* **TASK DIRECTIONS**
Starting at the line that holds "SOL atualmente é" and stopping at the line that holds "A quick, flavorful", restate the records below word for word, with both of those lines included.

* **SUPPLIED DATA**

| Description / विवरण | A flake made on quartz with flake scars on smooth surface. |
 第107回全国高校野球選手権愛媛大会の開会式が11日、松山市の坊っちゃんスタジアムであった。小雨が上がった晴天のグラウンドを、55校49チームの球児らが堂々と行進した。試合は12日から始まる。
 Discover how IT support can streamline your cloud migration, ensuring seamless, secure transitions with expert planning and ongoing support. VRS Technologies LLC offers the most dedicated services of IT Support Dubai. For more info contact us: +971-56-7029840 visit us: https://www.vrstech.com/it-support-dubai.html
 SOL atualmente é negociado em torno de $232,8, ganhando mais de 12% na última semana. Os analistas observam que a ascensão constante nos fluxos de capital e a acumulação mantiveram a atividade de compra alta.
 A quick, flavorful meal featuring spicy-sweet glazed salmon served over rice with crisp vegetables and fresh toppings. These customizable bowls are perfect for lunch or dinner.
...
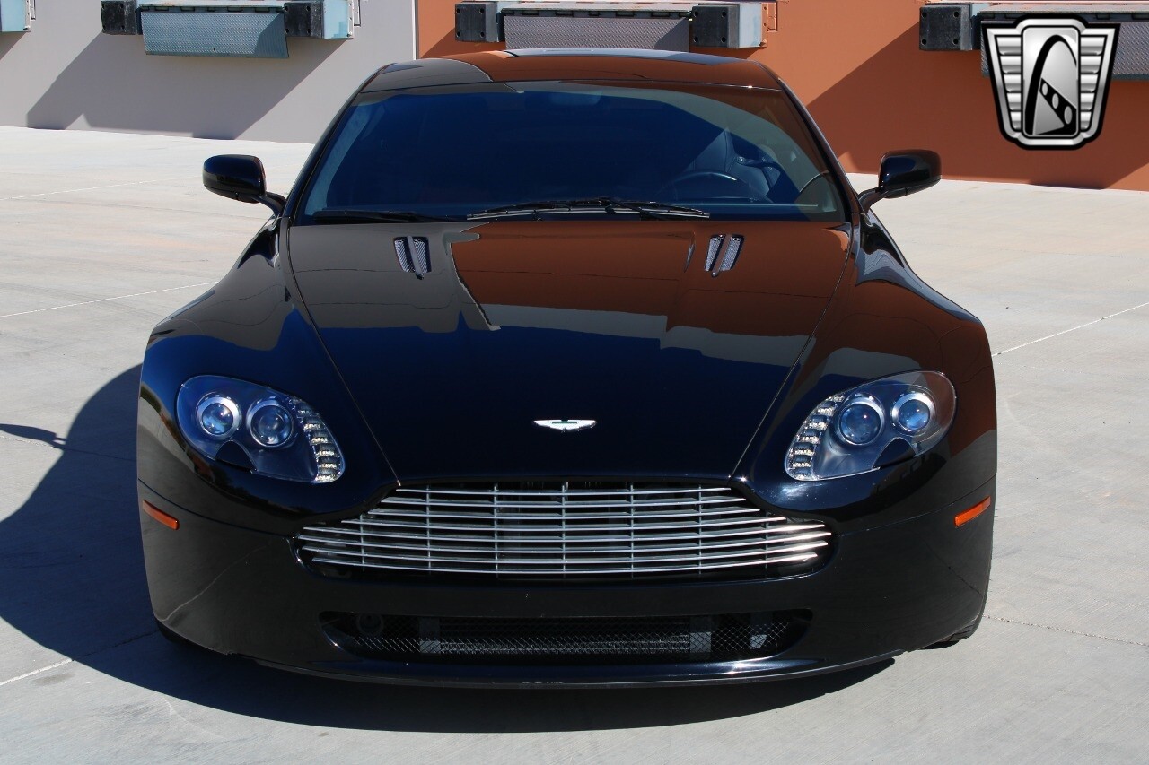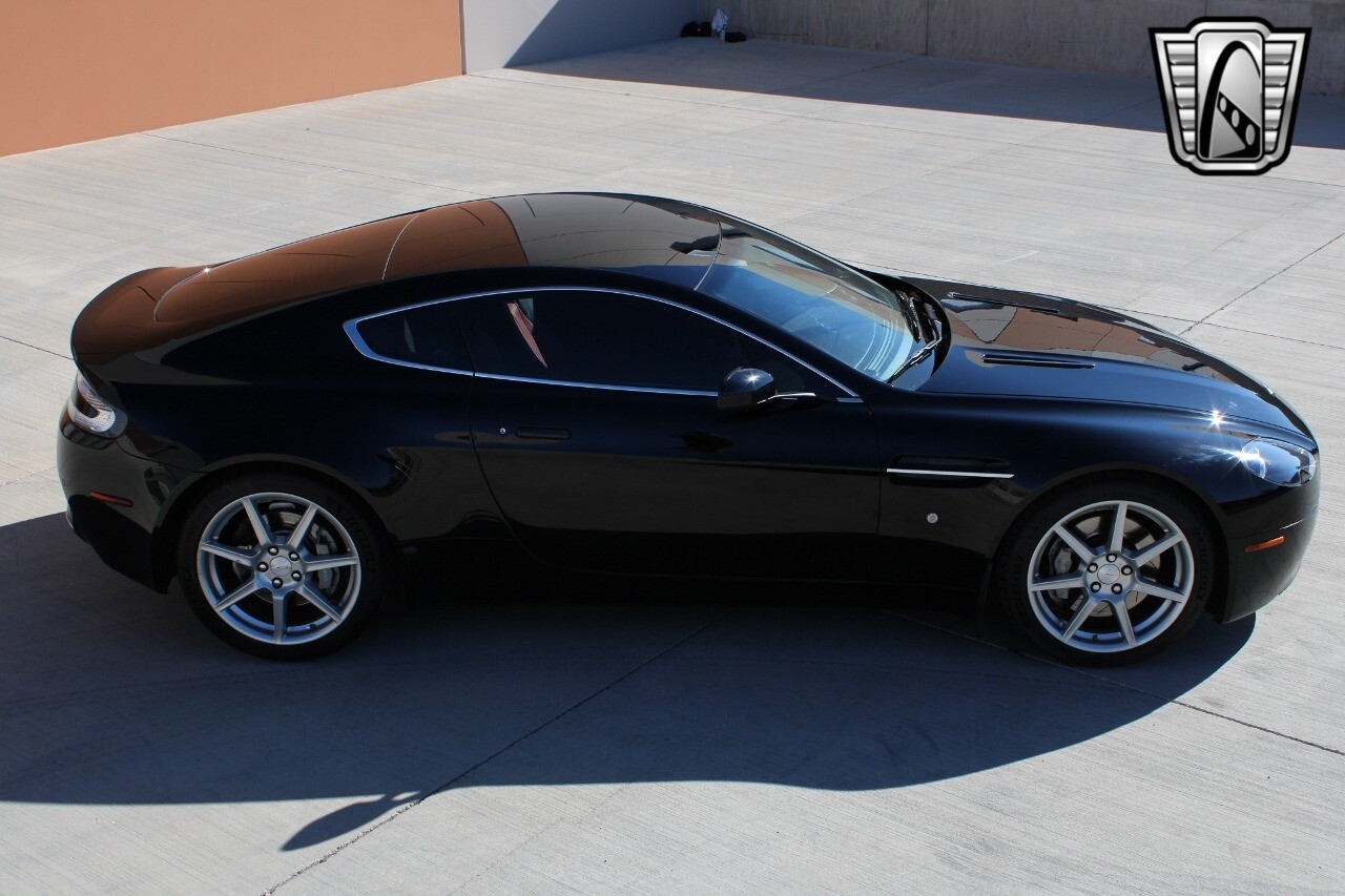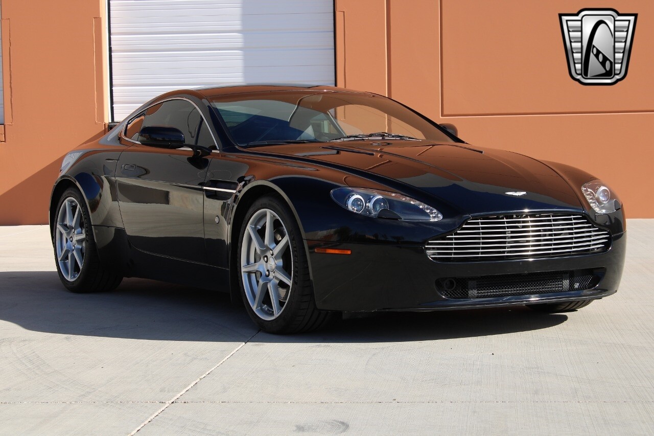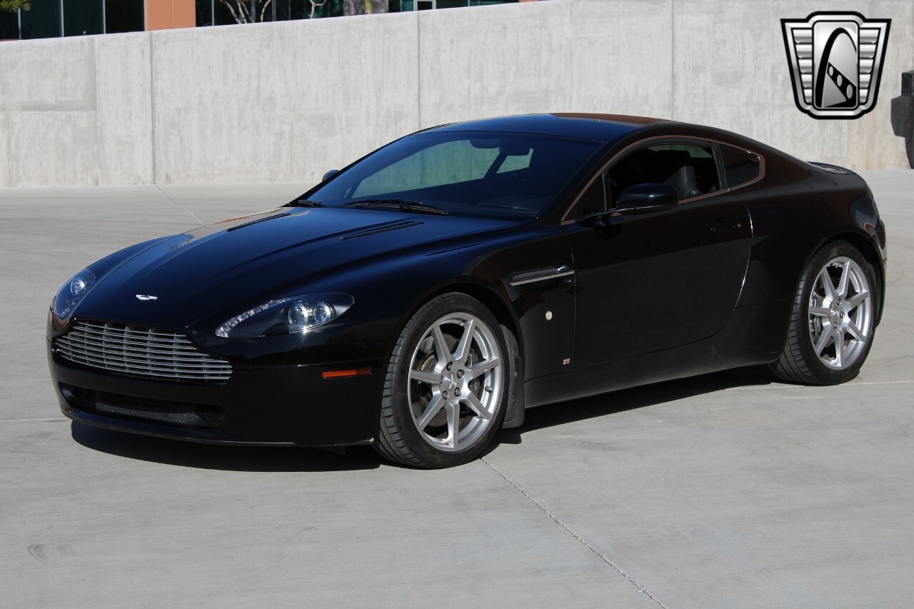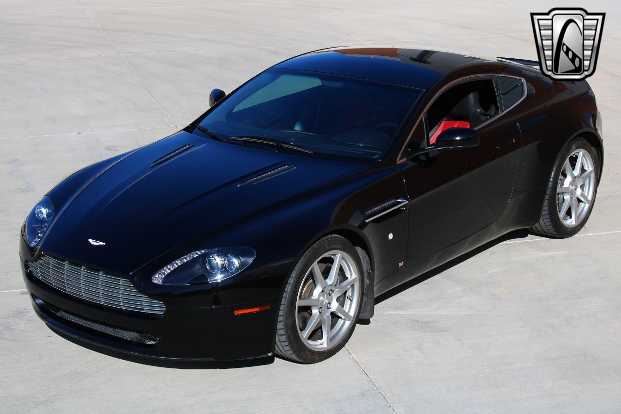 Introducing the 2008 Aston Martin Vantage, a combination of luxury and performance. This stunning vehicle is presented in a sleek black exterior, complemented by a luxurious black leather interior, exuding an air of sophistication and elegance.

* **ANSWER BELOW**
 SOL atualmente é negociado em torno de $232,8, ganhando mais de 12% na última semana. Os analistas observam que a ascensão constante nos fluxos de capital e a acumulação mantiveram a atividade de compra alta.
 A quick, flavorful meal featuring spicy-sweet glazed salmon served over rice with crisp vegetables and fresh toppings. These customizable bowls are perfect for lunch or dinner.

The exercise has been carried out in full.